Cloud Strategy and Security: Seeking Collaboration

By Steven Debets

Cybersecurity is the central theme of this year's Business Continuity Awareness Week, and it's no wonder. Individuals and businesses are feeling more vulnerable than ever due to the increasingly concrete threats posed by the digitally interconnected world.

The recent ransomware attack last Friday, with its unprecedented impact, put an end to the persistent notion that you must be an attractive target for hackers to be affected. These attacks strike without discrimination. Humans, as always, turn out to be the weakest link. No matter how robust your security measures are, all it takes is for one employee to click on an apparently innocuous link or work on an unsecured public Wi-Fi network, and the backdoor is wide open.

In this blog, I want to draw attention to another "backdoor" in cybersecurity: cloud providers. Cloud applications are now an integral part of the application landscape. For IT managers, they offer solutions to streamline processes and reduce costs. However, this doesn't automatically put you on cloud nine: securing data in the cloud requires targeted action in terms of vendor management.

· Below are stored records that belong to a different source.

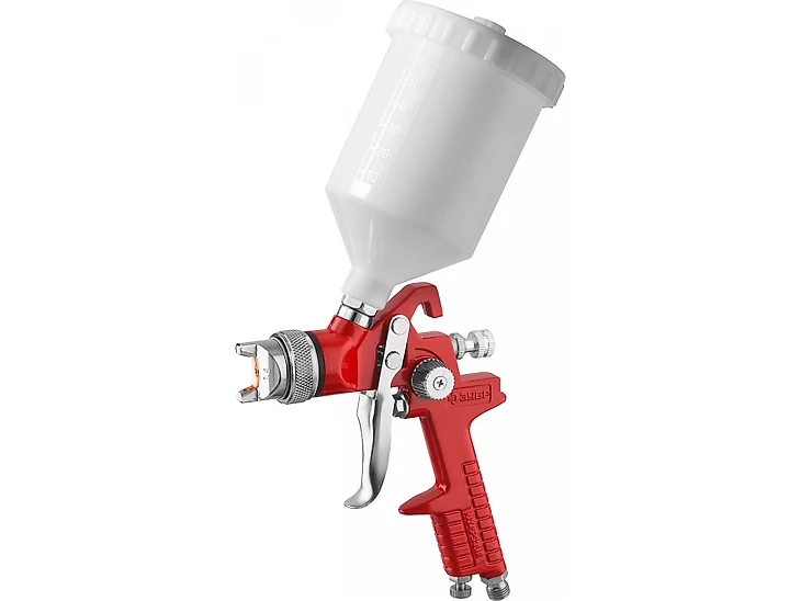 Объем бачка бывает тоже разный. Все зависит от того, куда вы собираетесь наносить краску. Если объекты небольшие — в случае с автомобилем это может быть бампер или дверца, а в случае с бытовыми предметами стул или скамейка, объем бачка составляет от четырехсот до шестисот миллилитров. К тому же с небольшими емкостями рука устает не так сильно.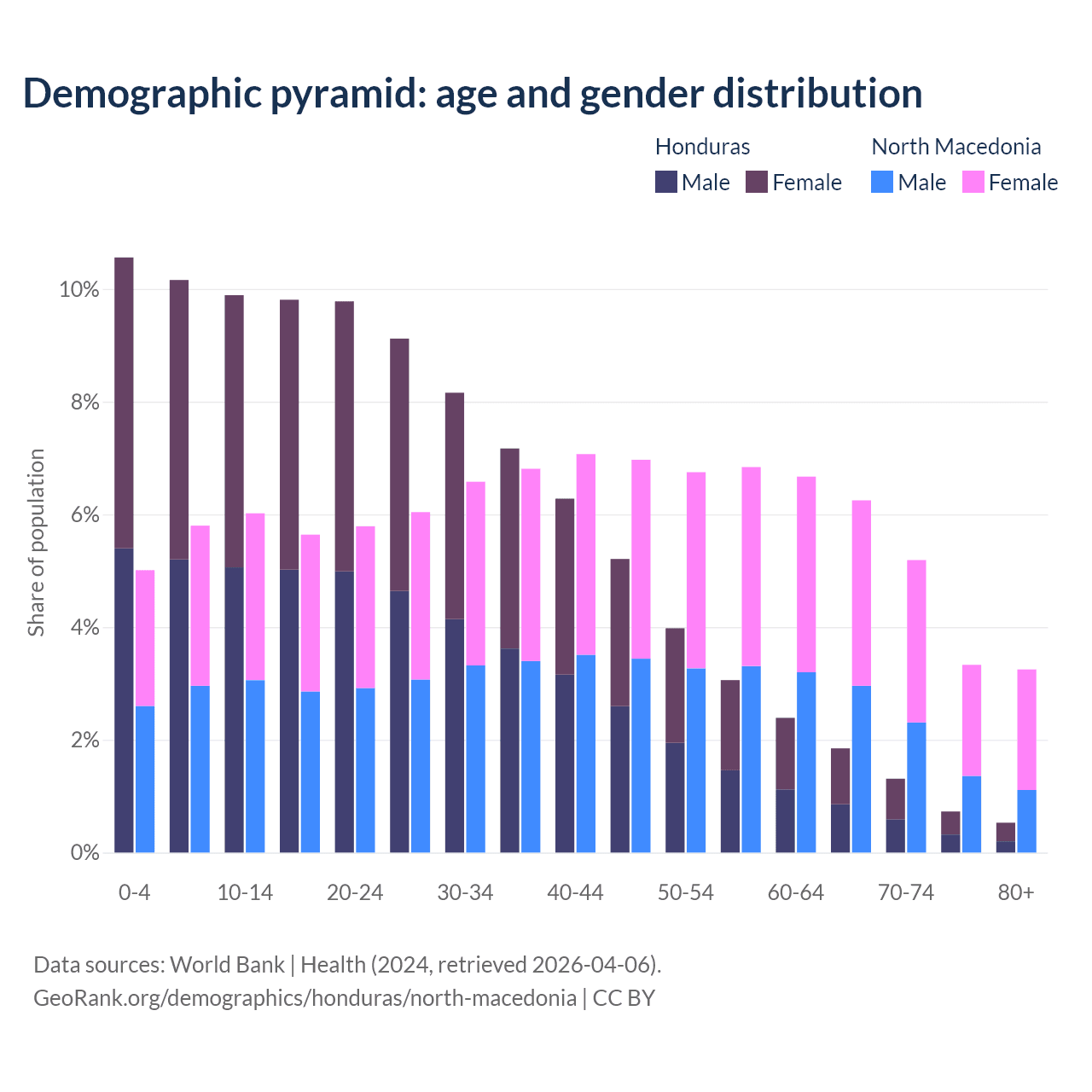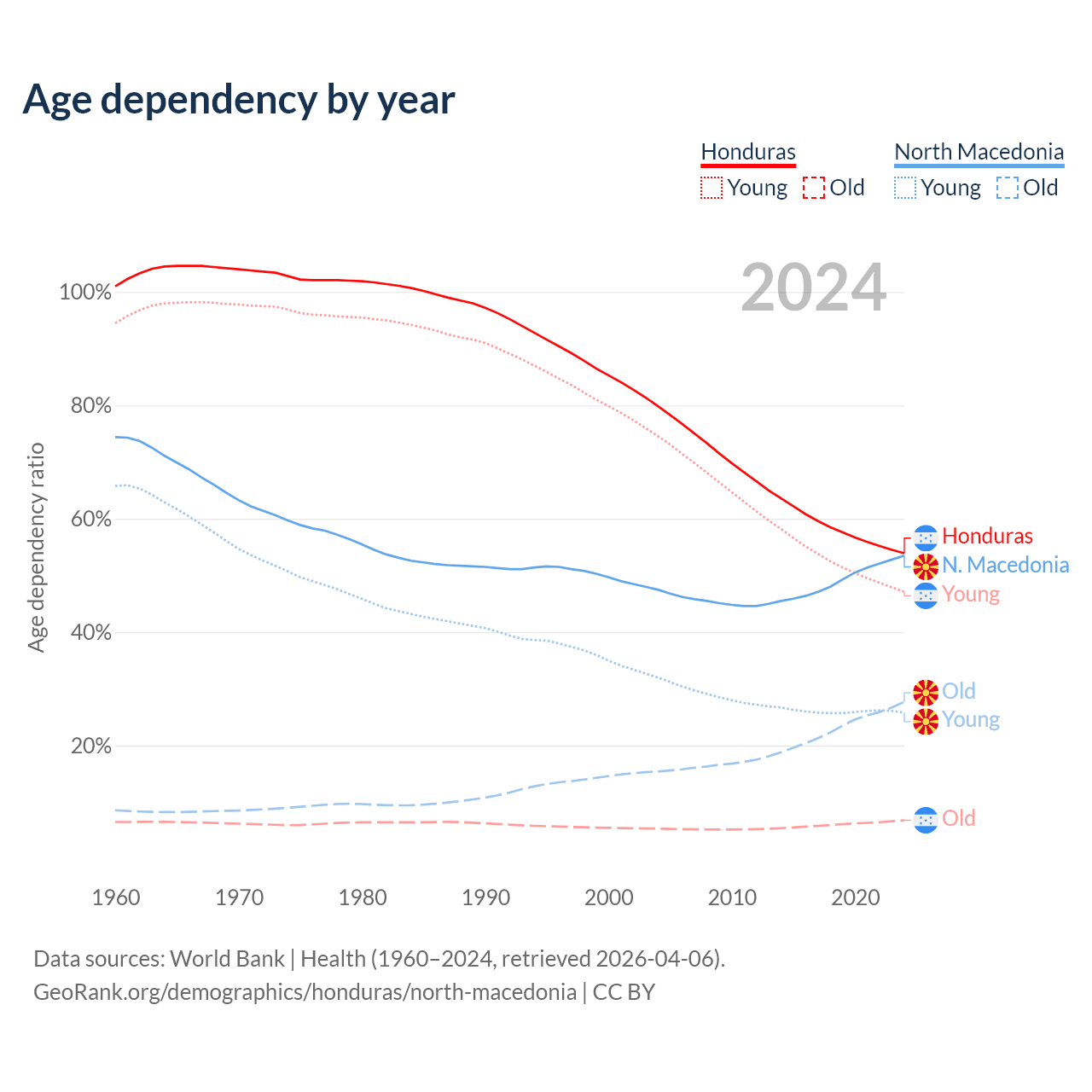 - Honduras is ranked 134/196 by median age (oldest to youngest) vs 37/196 for North Macedonia.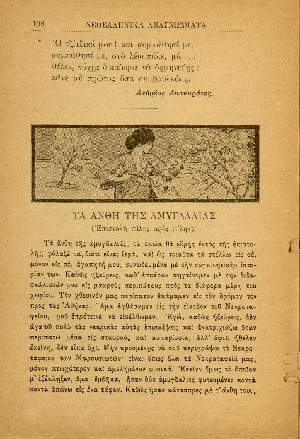 Σχολικό εγχειρίδιο για την Β΄ Γυμνασίου και την Γ΄ Αστικού Θηλέων για το μάθημα των Νέων Ελληνικών. Το εγχειρίδιο αποτελείται από κείμενα πεζού λόγου, επικολυρικά ποιήματα, ωδές, ηθογραφικά διηγήματα, ρητορικά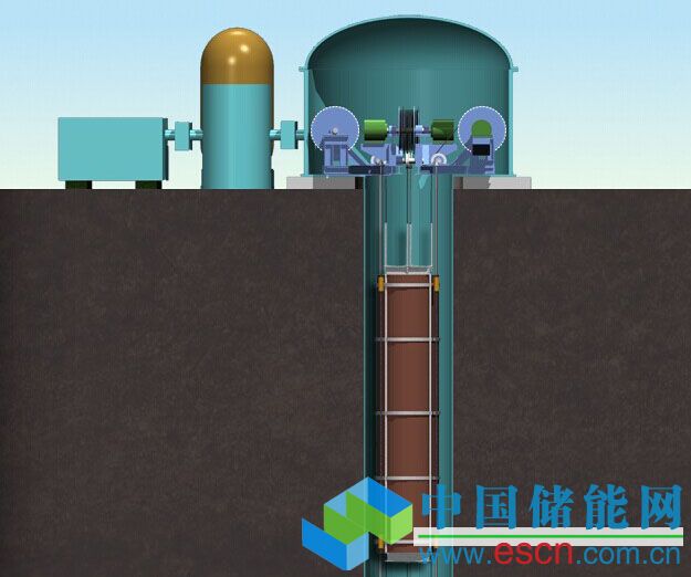 設(shè)計(jì)原理十分簡(jiǎn)單,提升重物(或者使用壓縮空氣抬高重物)來(lái)存儲(chǔ)能量,重物下落帶動(dòng)渦輪機(jī)(或者釋放壓縮空氣驅(qū)動(dòng)氣動(dòng)馬達(dá))釋放能量。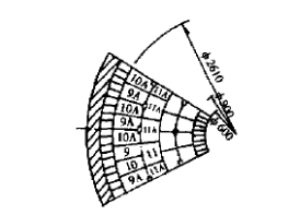 在拱角磚上面先定位砌不帶孔9#、10#剛玉磚,然后分別在兩邊砌9A#、10A#剛玉磚。要檢査和保證9、10、9A、10A四種磚的斜度(測內弦長),保證9A#、10A#相砌后預留孔的中心與圖紙要求相一致。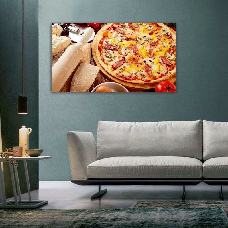 Картина на холсте 60x110 Альянс Лес "Помидоры Грибы пицца овощи сыр" на подрамнике / интерьер/ декор информация: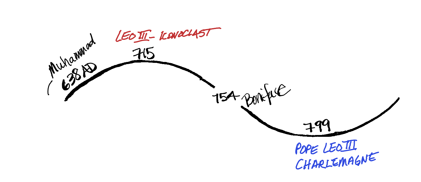 In the beginning of the next cycle, the visionary Muhammad (c. 570 - 632) lived down in the deserts of Arabia. Muhammad started his own religion and his followers took the work in a very different direction than Christianity. At Power, while the followers of Muhammad were building an empire, the Christian Byzantine Emperor, Leo III, started a nasty time period of destroying all the icons—statues and artwork—of the Christians and others. During Justice, the monk, St. Boniface, helped the Church form an alliance with Germania and the Francs (roughly Germany and France of today). During Reform, the pope blessed Charlemagne’s coronation and the two started a pact that merged church and state into what later became the Holy Roman Empire1. The Carolingian Renaissance (800 - 887) that Boniface made possible, began with Charlemagne and introduced a time known for its art and architecture.

The problem is that not every organization is adequately prepared for this. Transitioning to a cloud application can be a quick process, and it often doesn't stop at one application. Organizations that move part of their IT off-site are well aware that they need to transform from being a management organization to a governance organization. But that's where it starts: the speed of this organizational development is often slower than technological change. This is understandable as well because a governance organization demands different knowledge and skills. In practice, it sometimes involves hiring new personnel, but this transition should not take years.

Furthermore, using and governing cloud services (and vendors) requires a balanced mix of technical, organizational, legal, and procurement competencies. In cases where personal data is involved, the involvement of a privacy officer and a corporate lawyer is essential, considering the required data processing agreements. Collaboration between disciplines is vital, and internal silos are counterproductive. Security, continuity, and privacy requirements should be set based on a unified vision, without conflicting with one another. It should be clear from the outset (even before moving IT to the cloud) whether the vendor complies with these requirements and will continue to do so. Conducting a risk analysis is a valuable but often overlooked tool in this process.

I don't mean to give the impression that cloud vendors are not doing their job properly. Quite the opposite. Many vendors often provide a level of professionalism and focus that is challenging for an organization to achieve internally. Nevertheless, security is always the ultimate responsibility of the organization, and the vendor is responsible for implementing the promised measures.

That's why I advocate considering the broader implications for your organization from the very beginning when developing a cloud strategy. Whether or not to opt for the cloud should not solely be based on cost or the desire to slim down the IT department. The decision of "Cloud unless…" should also consider the organization's ability to effectively take and maintain responsibility for data security. Implementing a cloud strategy requires organizational development and, by definition, is a multidisciplinary issue.